#### Work order:
Restate the whole of the data below word for word, skipping the images.

#### Raw data:
-*-*-
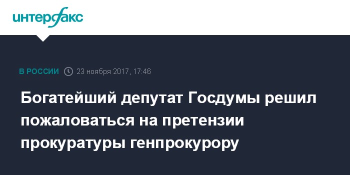 Богатейший депутат Госдумы решил пожаловаться на претензии прокуратуры генпрокурору
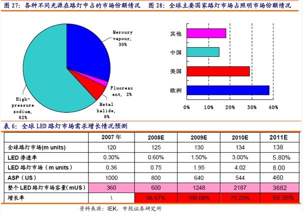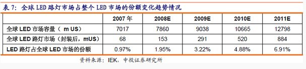 未來3-5年,LED路燈占全球LED市場(chǎng)份額將從2007年的1%上升到2011年的7%左右。
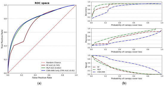 The results of models trained in RF, MLP and a custom CNN-ANN hybrid model for the region of Frankenwald—trained on 2021 loss and validated with data of 2022, with STM data only as predictors—are shown in Table 7. The ROC curve representation along with the accuracy, precision and recall at different probability thresholds are depicted in Figure 7. The CNN-ANN model shows the best performance according to AUC metrics and has the best precision. Recall is the best in RF; however, accuracy is the worst.
-*-*-
#### Solution for this task:
 Богатейший депутат Госдумы решил пожаловаться на претензии прокуратуры генпрокурору
 未來3-5年,LED路燈占全球LED市場(chǎng)份額將從2007年的1%上升到2011年的7%左右。
 The results of models trained in RF, MLP and a custom CNN-ANN hybrid model for the region of Frankenwald—trained on 2021 loss and validated with data of 2022, with STM data only as predictors—are shown in Table 7. The ROC curve representation along with the accuracy, precision and recall at different probability thresholds are depicted in Figure 7. The CNN-ANN model shows the best performance according to AUC metrics and has the best precision. Recall is the best in RF; however, accuracy is the worst.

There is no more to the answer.